- [Action item]
What is needed here is an exact printout of the data, with no pictures included.

Records contained in a dataset
=== Begin Enclosure ===
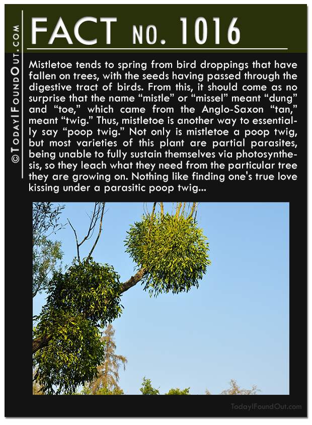 1016: Mistletoe tends to spring from bird droppings that have fallen on trees, with the seeds having passed through the digestive tract of birds. From this, it should come as no surprise that the name “mistle” or “missel” meant “dung” and “toe,” which came from the Anglo-Saxon “tan,” meant “twig.
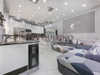 Appartamento in zona pregiata in piccolo contesto. Composto da: p. 1° - ingresso, ampio soggiorno, cucina abitabile, disimpegno notte, 2,5 camere da letto, 2 bagni, 3 balconi e piccolo giardino. Al piano terra, raggiungibile da scaletta interna, abbiamo una taverna, ripostigli, lavanderia, garage doppio ed ampio cortile di pertinenza. Finiture di pregio. Infissi cambiati recentemente. Classe Energetica e - kWh/m2/anno 142,8
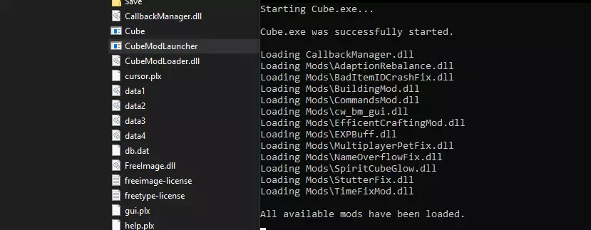 该链接包含模组启动器和已安装多种模组的模组文件夹,非常实用。 该模组包包含适应平衡、错误物品ID崩溃修复、高效制作、经验值增益、多人游戏宠物等级修复、名称溢出修复、卡顿修复以及系统时间溢出修复。 现在打开CubeModLauncher开始游玩吧!
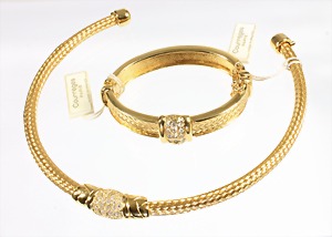 Goldfarbenes Set aus Halsreif und Armspange von Courrèges Paris mit Original-Etikett. Massive Ausführung. Oberfläche in Flecht-Optik. Mittelteil jeweils mit klarem Strassbesatz. Neuwertiger Zustand, Reif D = 12,5 mm, Spange Innen ca. 60 x 42 mm
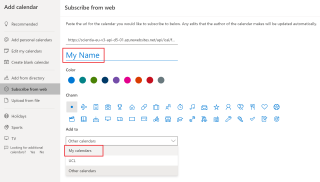 你也可以在訂閱時將考試日歷添加到其他組中,例如“My Calendars”或“UCL”,這在你看到Office 365日歷導(dǎo)入頁面時可以選擇。
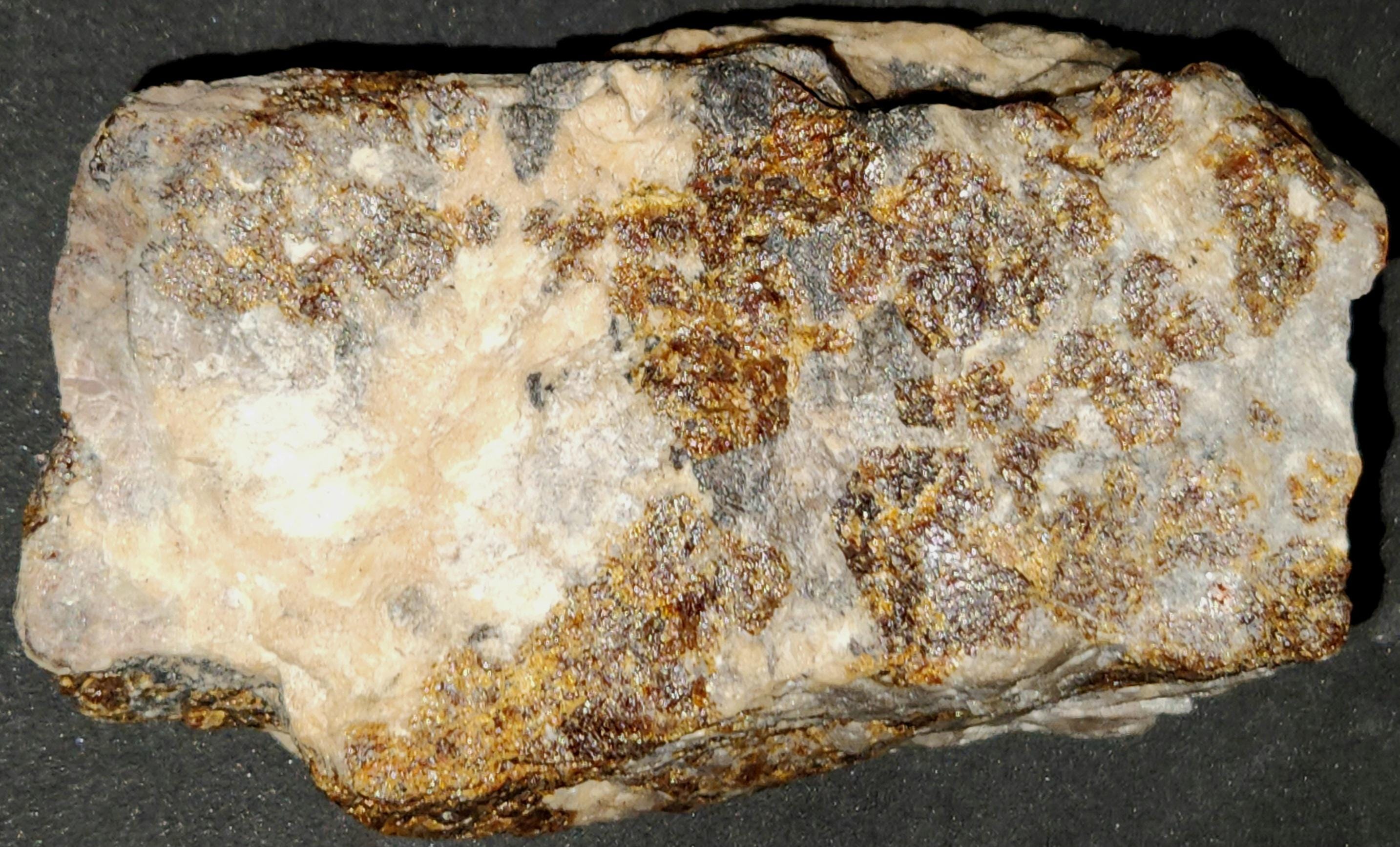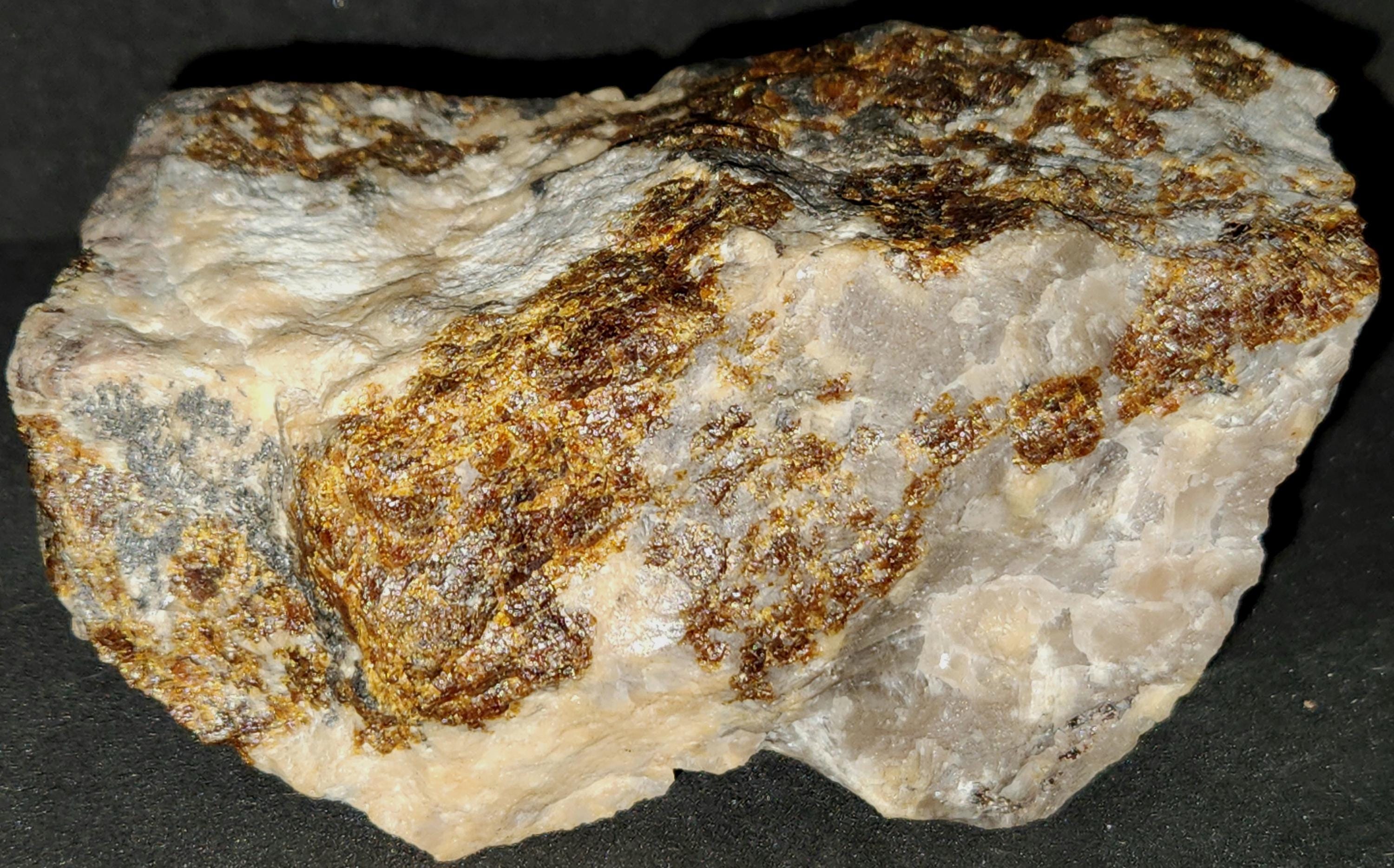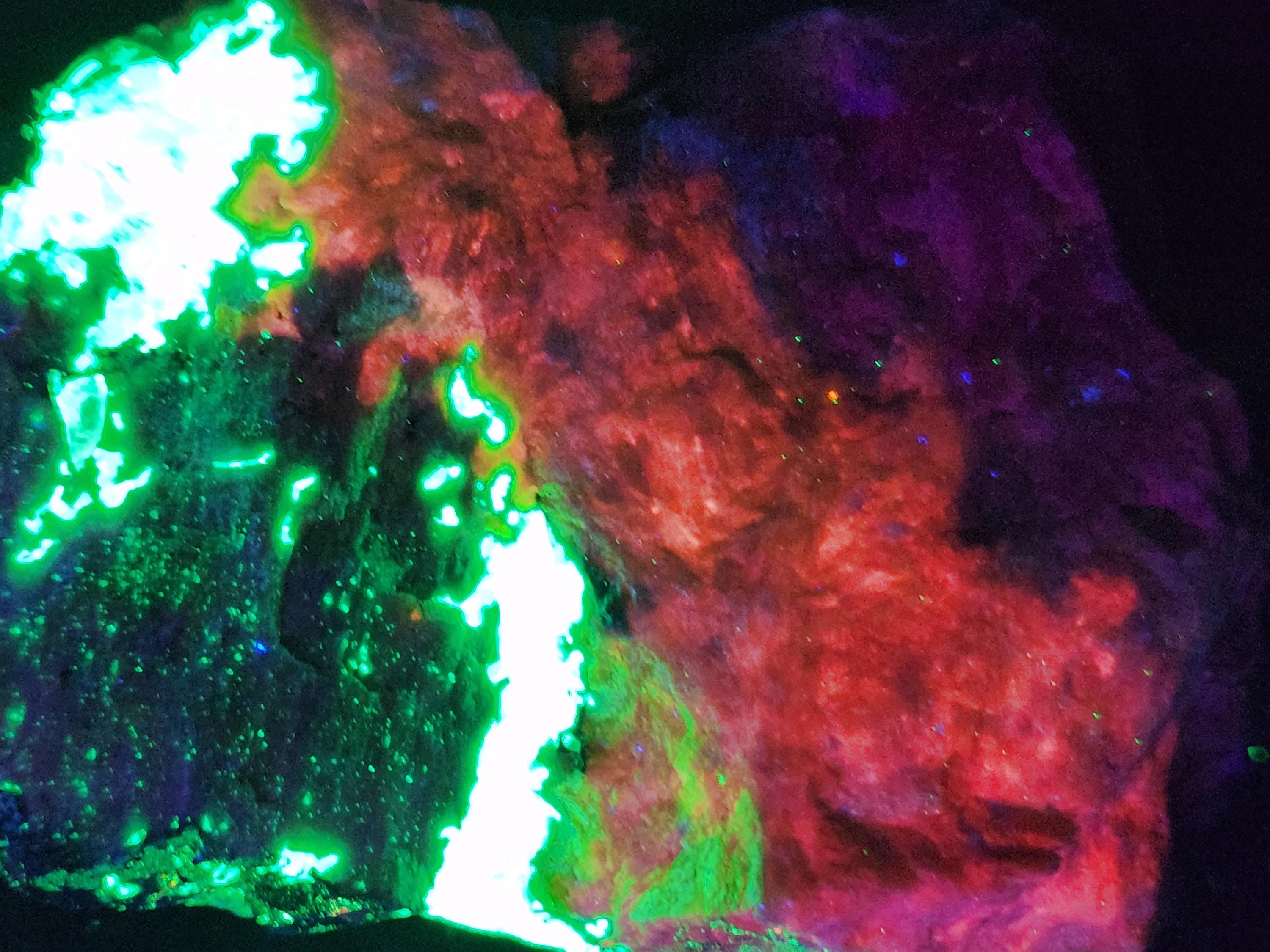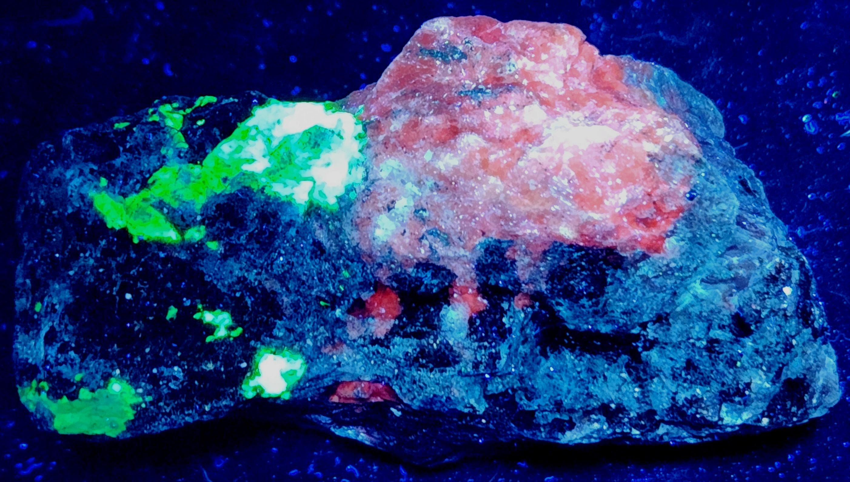 Fluorescent Axinite-Mn / Manganaxinite (Bright Cherry Red SW & LW), Willemite (Bright Green SW & LW), Xonotlite (Bright Blue-White SW & LW) & Feldspar (Dull Magenta SW)
=== End Enclosure ===
- [Written answer]
 1016: Mistletoe tends to spring from bird droppings that have fallen on trees, with the seeds having passed through the digestive tract of birds. From this, it should come as no surprise that the name “mistle” or “missel” meant “dung” and “toe,” which came from the Anglo-Saxon “tan,” meant “twig.
 Appartamento in zona pregiata in piccolo contesto. Composto da: p. 1° - ingresso, ampio soggiorno, cucina abitabile, disimpegno notte, 2,5 camere da letto, 2 bagni, 3 balconi e piccolo giardino. Al piano terra, raggiungibile da scaletta interna, abbiamo una taverna, ripostigli, lavanderia, garage doppio ed ampio cortile di pertinenza. Finiture di pregio. Infissi cambiati recentemente. Classe Energetica e - kWh/m2/anno 142,8
 该链接包含模组启动器和已安装多种模组的模组文件夹,非常实用。 该模组包包含适应平衡、错误物品ID崩溃修复、高效制作、经验值增益、多人游戏宠物等级修复、名称溢出修复、卡顿修复以及系统时间溢出修复。 现在打开CubeModLauncher开始游玩吧!
 Goldfarbenes Set aus Halsreif und Armspange von Courrèges Paris mit Original-Etikett. Massive Ausführung. Oberfläche in Flecht-Optik. Mittelteil jeweils mit klarem Strassbesatz. Neuwertiger Zustand, Reif D = 12,5 mm, Spange Innen ca. 60 x 42 mm
 你也可以在訂閱時將考試日歷添加到其他組中,例如“My Calendars”或“UCL”,這在你看到Office 365日歷導(dǎo)入頁面時可以選擇。
 Fluorescent Axinite-Mn / Manganaxinite (Bright Cherry Red SW & LW), Willemite (Bright Green SW & LW), Xonotlite (Bright Blue-White SW & LW) & Feldspar (Dull Magenta SW)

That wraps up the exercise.